In fact, more often than not, live throws major curve balls your way. Sometimes those curve balls come in the form of an injury. Sometimes curve balls mean getting hospitalized after months of failing health. And in the worst case scenarios, curve balls mean unpreventable natural disasters blowing through your home town, ruining homes and, in the process, sending an entire 5-borough city and its surrounding regions into total upheaval.
As much as people have been comparing Hurricane Sandy’s arrival and devastation in the northeast to Hurricane Katrina and even to the events of 9/11, major events like these are unique and ultimately unprecedented.
People could tape their windows and surround their homes with sandbags, but I don’t think anyone could prepare for the physical, mental and emotional toll this storm took on the area.
Of course, as I’ve mentioned, I was incredibly lucky in this situation. I didn’t lose power and my home, my office and my loved ones are safe. I spent much of last week feeling guilty that I was so unharmed when people blocks away were out in the cold.
All the while, as much as people claimed to have all the right answers, the situation surrounding the New York City Marathon was also unprecedented. And with that came so many emotions.
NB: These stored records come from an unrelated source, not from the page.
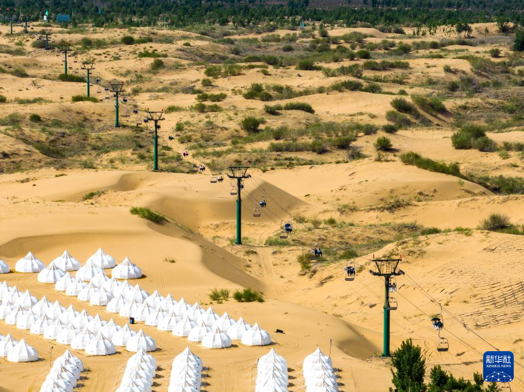 5月31日,在内蒙古自治区鄂尔多斯市达拉特旗境内库布其沙漠中的银肯塔拉景区,游客在乘缆车游玩。(无人机照片)cicphoto/柴军委 摄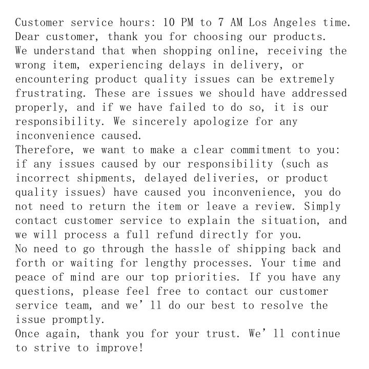 Returns and exchanges are accepted within 7 days with no reason. Returns shipping costs are borne by the buyer. Quality issues result in free returns. Customer service is available from 10 p.m. to 7 a.m. Los Angeles time, including holidays. For after-sales service, apply for refunds or returns on the order page. Upload problem pictures for customer service audit.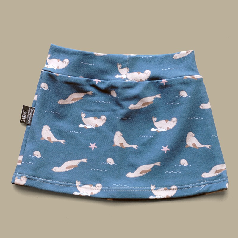 Dit superschattige rokje met zeehondjesprint is zacht en rekbaar, ideaal voor baby’s lange zomers. Het is verkrijgbaar in maat 56-98. Een rokje in maat 68 is 20 cm hoog van de taille tot de zoom.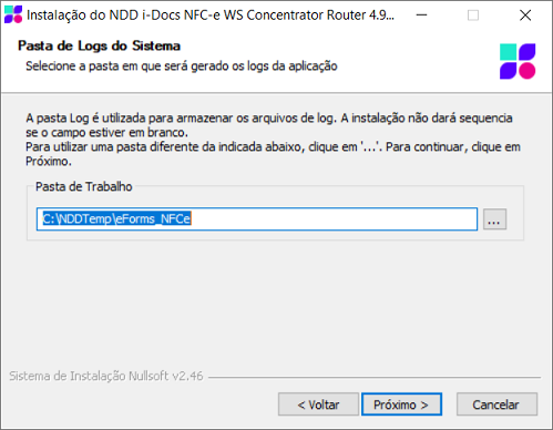 Na tela abaixo, se desejar, altere o diretório de logs e então, clique em Próximo.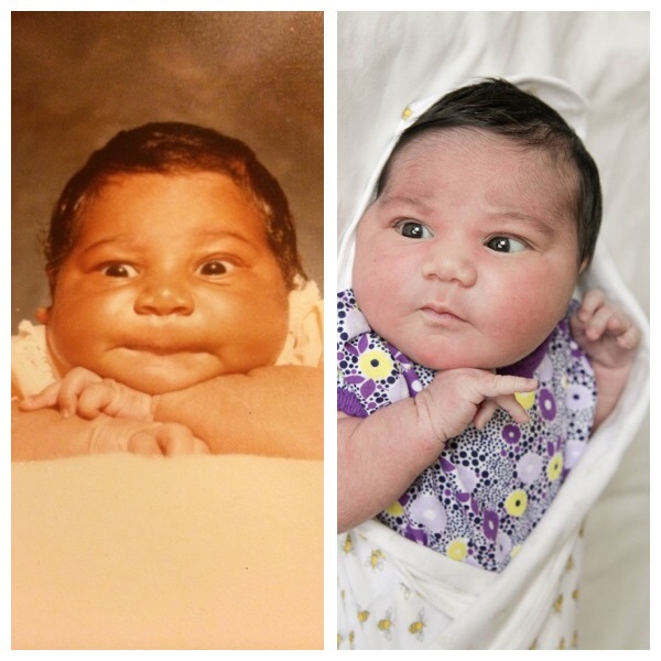 My newborn photo, and my daughter when she was 10 days old (taken this past Mother’s Day, no less! :))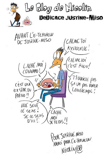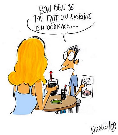 Nicolin : Ben écoute moi je te propose de t’offrir un verre dans un bar tranquille et je te ferais une belle dédicace pour te remercier de cette superbe e-terview et attention, t’es même pas obligé de me sucer le gnocchi pour la dédicace !
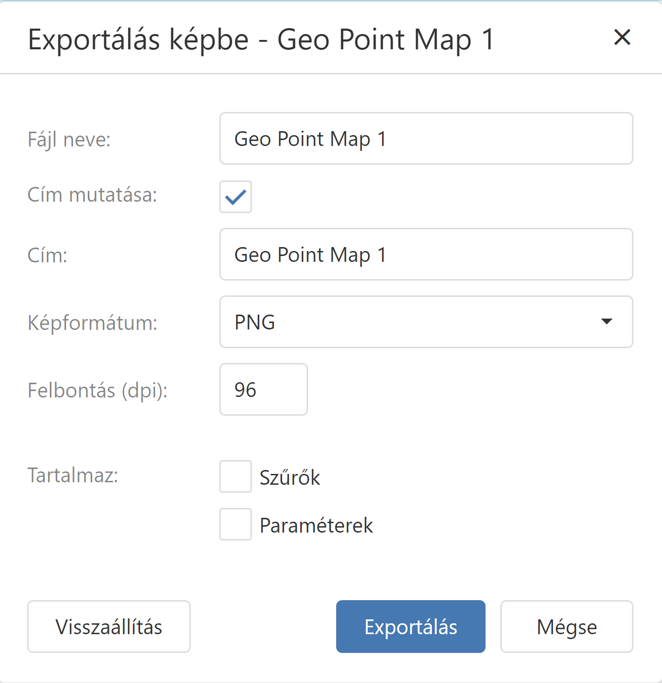 A szükséges paraméterek kiválasztása után az gombra kattintva exportálhatja a Földrajzi pont térképet képként. Az alapértelmezett értékek visszaállításához kattintson a gombra. |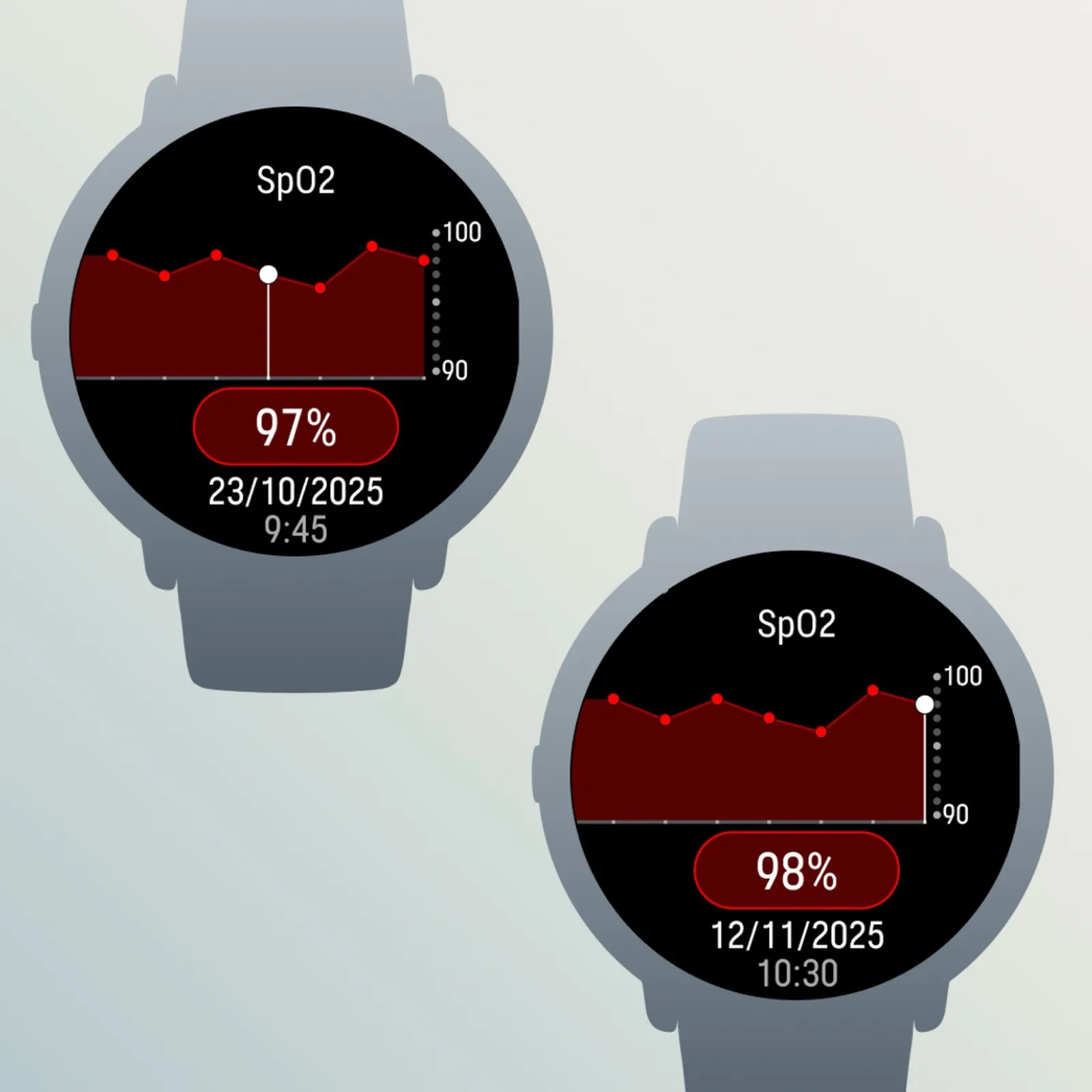 The smartwatch update primarily introduces convenience features. With Polar OS 5, it is now possible to set multiple alarms directly on the smartwatch, and watch faces get a night mode. As long as the "Do Not Disturb" mode is enabled, the display only lights up a bit when a button is pressed, while some watch faces can now show a more minimalistic time format. Moreover, a new chart can display the blood oxygen saturation over time.

I felt conflicted all week. The marathon was still set to happen, so I was planning to run it. But I was never excited about it. It wasn’t going to be the New York City Marathon we had all planned for. And by late Thursday, when preparations for the marathon were fully underway and bodies were still being pulled from the waters surrounding Staten Island, my heart hurt. I wanted to run, I had trained to run, and maybe the marathon would, after all, unite the city.
But it still felt so wrong.
I had taken Friday off from work to go to the Expo. So I did that, hoping it would boost my enthusiasm.
I got free cheese samples, I got my bib and I met Desiree Davila.
I still didn’t want to run the race. It even became clear that running the race might be unsafe for the runners, and that terrified me.
I spent the rest of Friday cleaning the apartment before my weekend visitors arrived. Emily was coming up from D.C., Lauren and her husband were driving down from Vermont, and my best friend Becky and her husband were flying up from Charlotte, NC. All my favorite people were coming to town for a weekend that I had such mixed emotions toward.
And then — finally — the race was canceled.
I was upset. I was relieved. I no longer had to make the decision about whether or not to run.
But I still wanted to run.
I didn’t want to run the NYC Marathon. But I wanted to run a marathon.
Twitter was overtaken by runners in support of the city’s decision to ultimately cancel the race — but those same runners, understandably, wanted to do something with their training. They made plans to go to Richmond or Rehoboth to run upcoming marathons.
I didn’t want to run those marathons. I wasn’t really sure what I wanted to do.
So I just got drunk and decided I’d figure out the running stuff later. I didn’t have the amazing 16 weeks of training behind me. I knew my sub-4:00 time goal I’d set at the start of 2012 was far-reaching, and I knew traveling to Richmond, Rehoboth or somewhere else with a close-by marathon wasn’t feasible for me in the next few weeks.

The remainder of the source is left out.